**EXERCISE BRIEF**
Begin at the line below that has "kroczy jamnik w". Stop after the line that has "Journal of Educational", repeating each line exactly and leaving out the pictures.

(Stored data entries)
════════
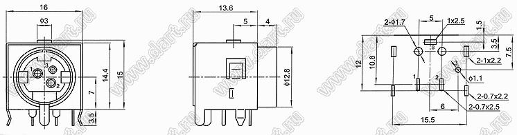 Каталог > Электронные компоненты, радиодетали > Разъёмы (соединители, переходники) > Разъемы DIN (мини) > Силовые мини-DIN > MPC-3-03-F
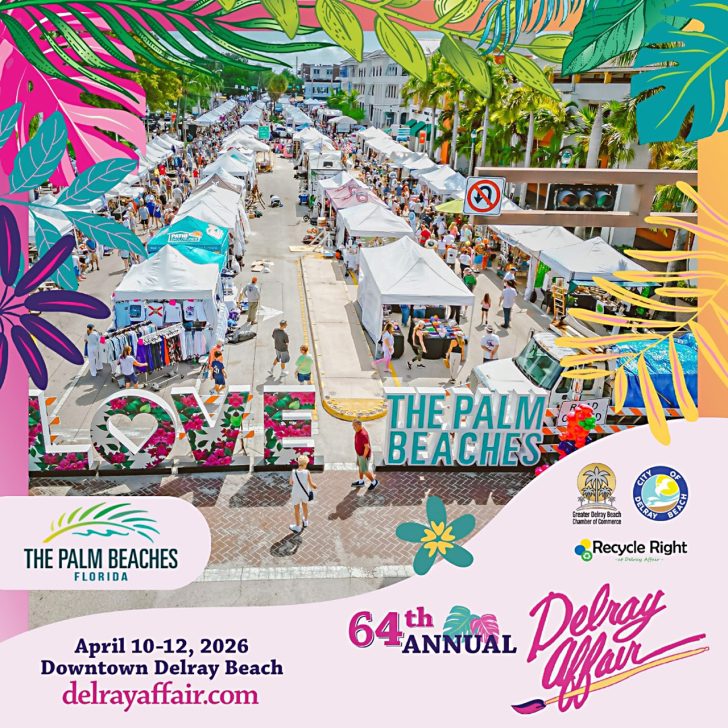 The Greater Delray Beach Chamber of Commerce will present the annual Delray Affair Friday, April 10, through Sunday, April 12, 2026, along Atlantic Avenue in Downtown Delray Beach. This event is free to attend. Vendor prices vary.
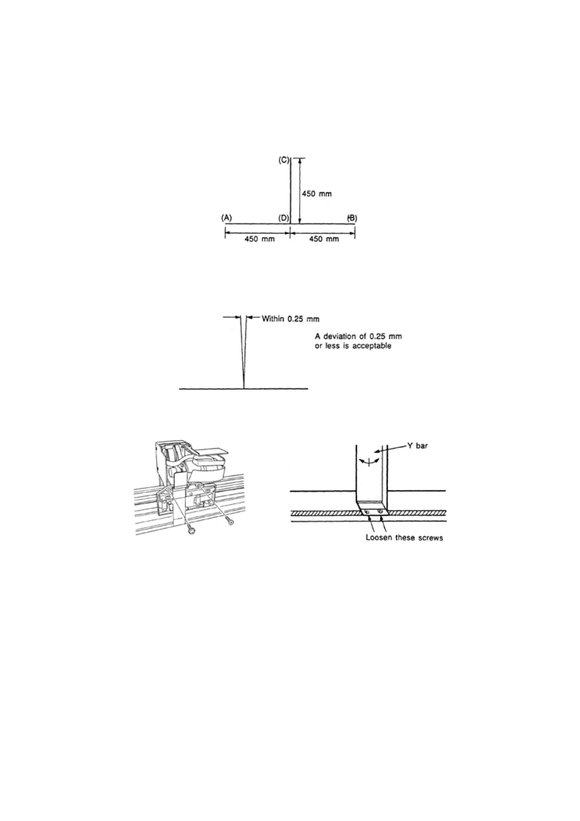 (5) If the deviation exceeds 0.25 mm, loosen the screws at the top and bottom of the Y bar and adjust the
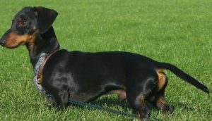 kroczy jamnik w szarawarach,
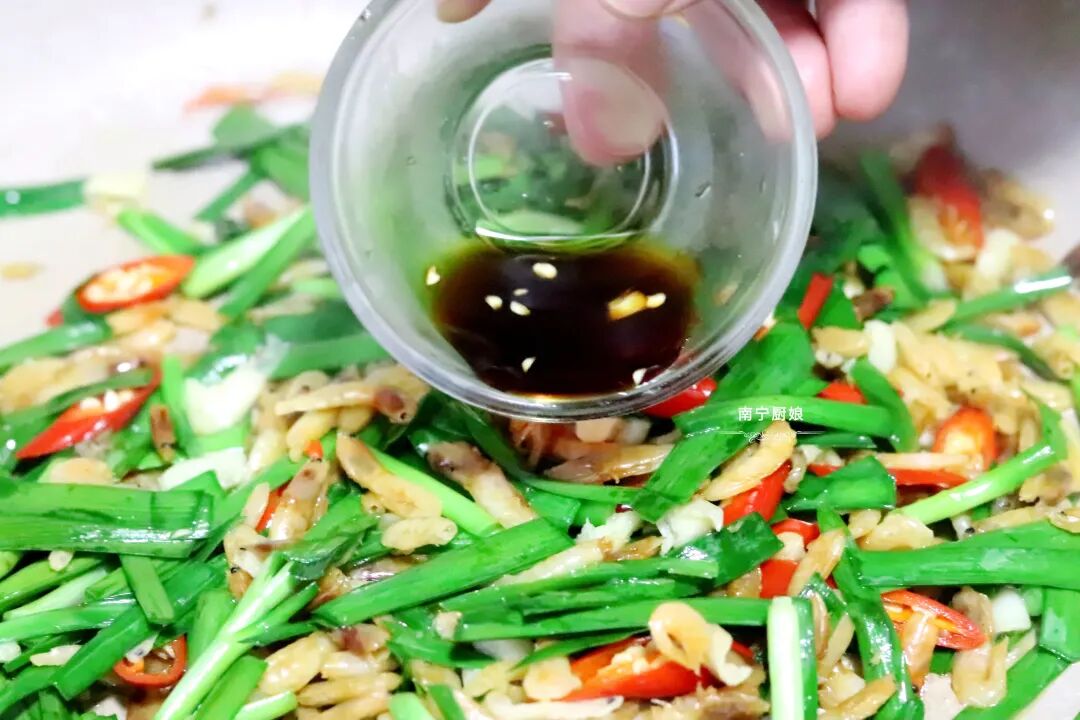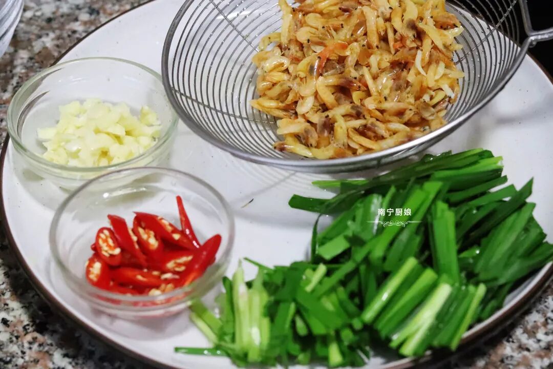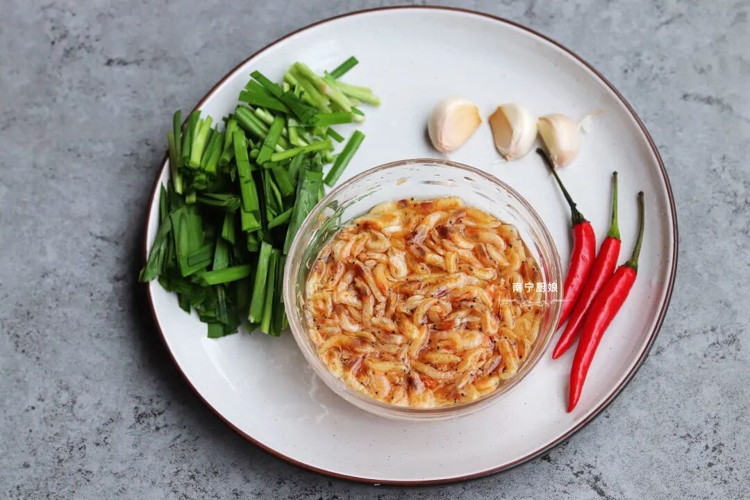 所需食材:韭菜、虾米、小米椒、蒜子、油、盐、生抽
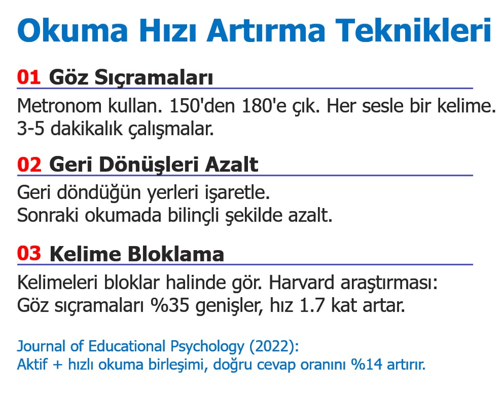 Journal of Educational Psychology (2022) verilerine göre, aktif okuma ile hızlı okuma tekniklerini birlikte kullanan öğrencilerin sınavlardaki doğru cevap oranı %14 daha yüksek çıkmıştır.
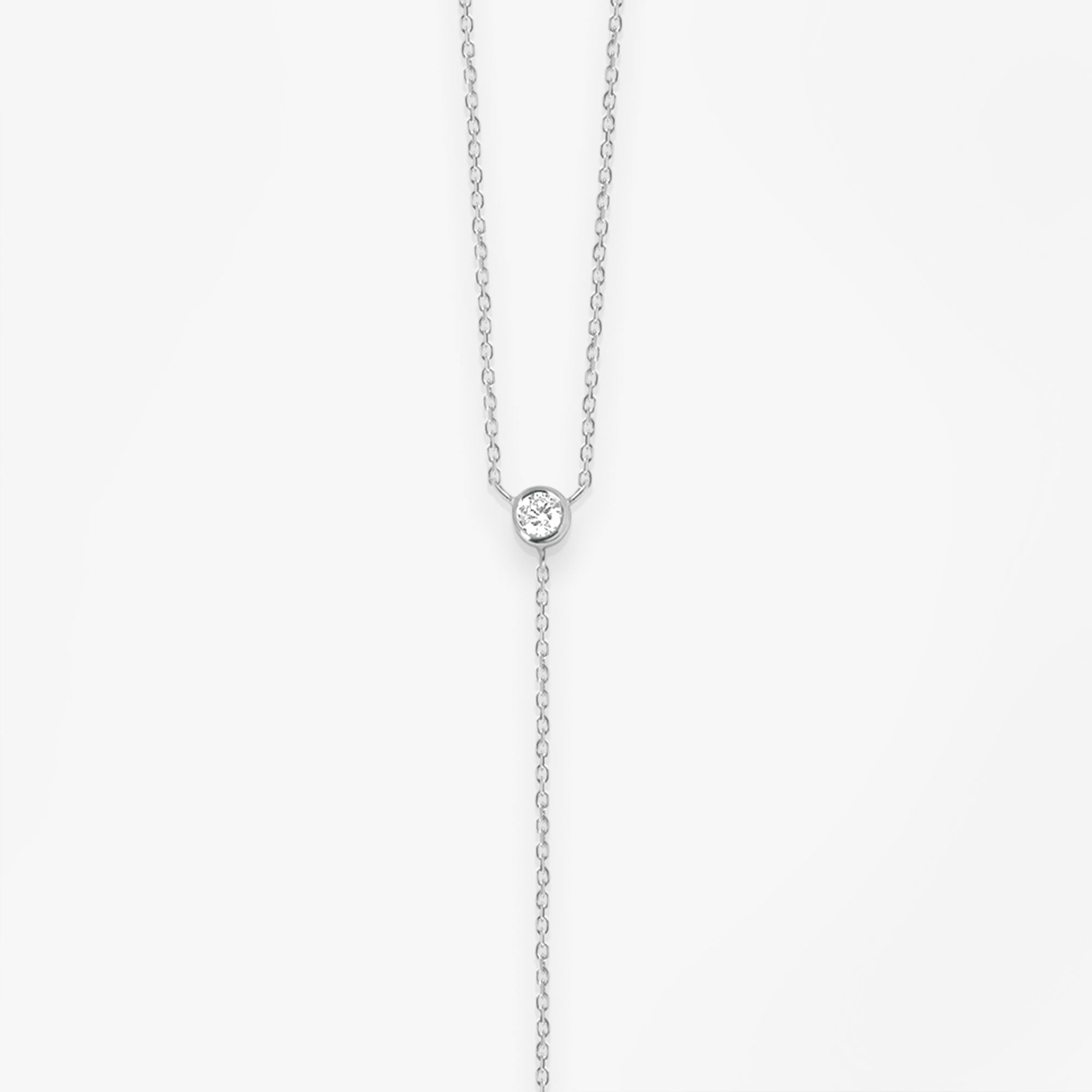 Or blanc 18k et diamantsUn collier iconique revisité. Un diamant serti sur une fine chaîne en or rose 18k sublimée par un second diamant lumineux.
════════
**RESPONSE TO THIS EXERCISE**
 kroczy jamnik w szarawarach,
 所需食材:韭菜、虾米、小米椒、蒜子、油、盐、生抽
 Journal of Educational Psychology (2022) verilerine göre, aktif okuma ile hızlı okuma tekniklerini birlikte kullanan öğrencilerin sınavlardaki doğru cevap oranı %14 daha yüksek çıkmıştır.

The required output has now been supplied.